Nice Guys like him populate contemporary Bollywood, balking at the knowledge that a woman may not love them back despite their “niceness” and then resorting to near-creepy and borderline abusive behaviour towards that woman. We’ve seen it in “Raanjhana” (where the male protagonist stalks, slits his wrists, and goes to truly terrifying lengths just because the woman won’t reciprocate his love), and we’ve seen it in “Rockstar” (where again the male protagonist cannot back off), and now we see it in “Ae Dil Hai Mushkil”.
“Friendzoning is bullshit because girls are not machines that you put kindness coins into until sex falls out”, wrote Tumblr user hexjackal a few years ago, in a post that still rings true. The friendzone is perhaps one of the most toxic patriarchal concepts that exist and it continues to get glorified in popular culture. Bollywood is a repeat offender, constantly reiterating the very principle that informs Ayan’s relentless pursuit of Alizeh’s affections – that there has to be something romantic or sexual between them for their relationship to be valid.
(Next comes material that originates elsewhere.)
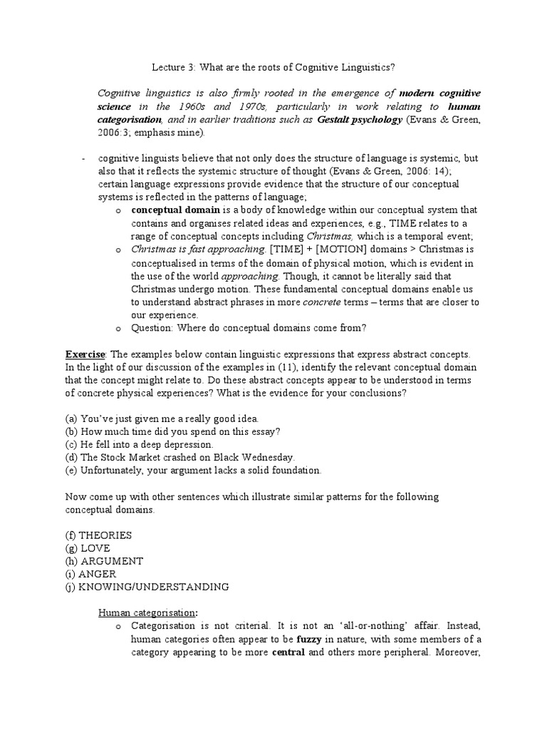 Lecture 3: What are the roots of Cognitive Linguistics?

Alizeh’s history with romance is a tumultuous one, so it’s unsurprising that she would see friendship as the purer, less problematic relationship. Friendship gives her sukoon (peace) while junoon (passion) leads to self-destruction. This is why she prefers to remain friends with Ayan and in fact, says that she values this relationship much more than she would a romantic relationship. But Ayan would only be satisfied with romantic reciprocation. He constantly gaslights her and makes her feel guilty for not loving him back, throws multiple tantrums in the due course of the film for that very reason. He has zero respect for her consent, and for the fact that her ‘no’ actually means ‘no’.
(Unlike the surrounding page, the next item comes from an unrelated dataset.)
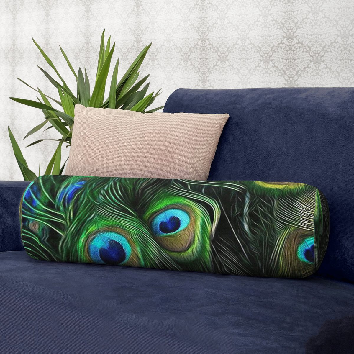 Koyu Zeminde Renkli Tüyler Özel Tasarımlı Dekoratif İç Dolgulu Süet Silindir Yastık Kırlent – Bel Yastığı
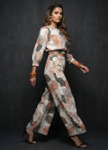 The matching bottom, also in White with the leaf print, has a full-length design and a half-belt, half-elastic closure for a perfect fit. Ideal for both occasional and regular wear, this set combines style and comfort effortlessly.

Way too many real-world cases of stalking, harassment and abuse from so-called from men who have been rejected (or “friendzoned”) have surfaced, and in a way, mainstream Bollywood films (that can be extremely influential) are encouraging such behaviour, because they are normalising it. When we see heroes on screen who feel a sense of ownership or entitlement upon a woman’s body (and evoke sympathy for the very same character) and become emotionally or physically abusive when denied that ownership, then we are promoting something dangerous indeed – because we are excusing these acts, legitimising them even. Ayan’s story might end with him finally accepting Alizeh’s friendship and ceasing his romantic advances, but there are countless cases out there where men do not, and instead, continue to perpetuate abuse. Bollywood needs to stop encouraging this from the very beginning. It needs to stop stretching unrequited love to the level that it stops respecting explicit consent.
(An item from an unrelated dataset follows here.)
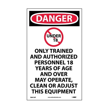 NMC D641AP OSHA Sign, Legend "DANGER - ONLY TRAINED AND AUTHORIZED PERSONNEL..." with UNDER 18 Slash Graphic, 3" Length x 5" Height, Pressure Sensitive Vinyl, Black/Red on White (Pack of 5)
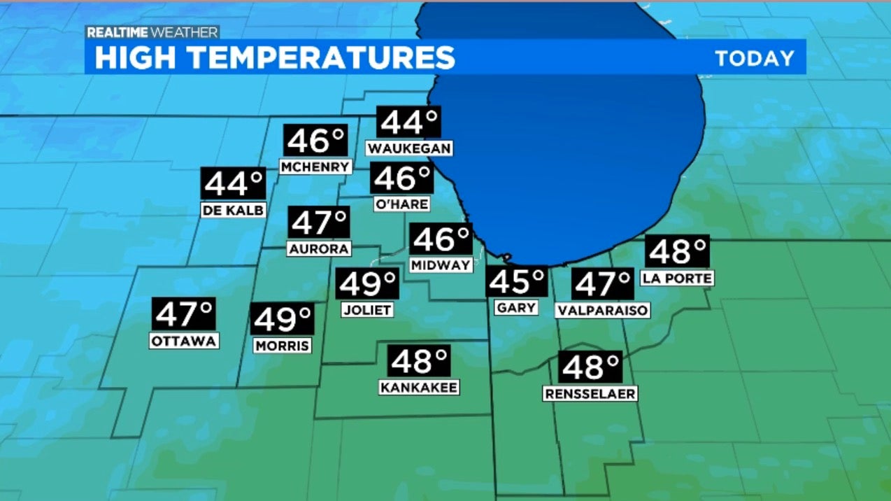 Saturday will stay cold, in the mid to upper 40s, but the sun will return. The normal high would be 50 degrees.

You’re not really a nice guy if you expect women to cater to your needs just because you’re one. Bollywood keeps giving us guys like Ayaan, while marginalising the woman’s narrative. The women, then, exist as plot devices, catalysts to have the hero ‘come of age’ or simply an object of unquestionable desire who doesn’t get much agency. Both Alizeh and Saba are potentially very interesting characters, but instead of being fleshed out, they fall prey to almost all of these tropes, and ultimately, Ayan becomes the character that we are made to root for – the guy who just doesn’t get it because he cannot see past his “nice guy” privilege. And that’s what’s mushkil about this entire situation.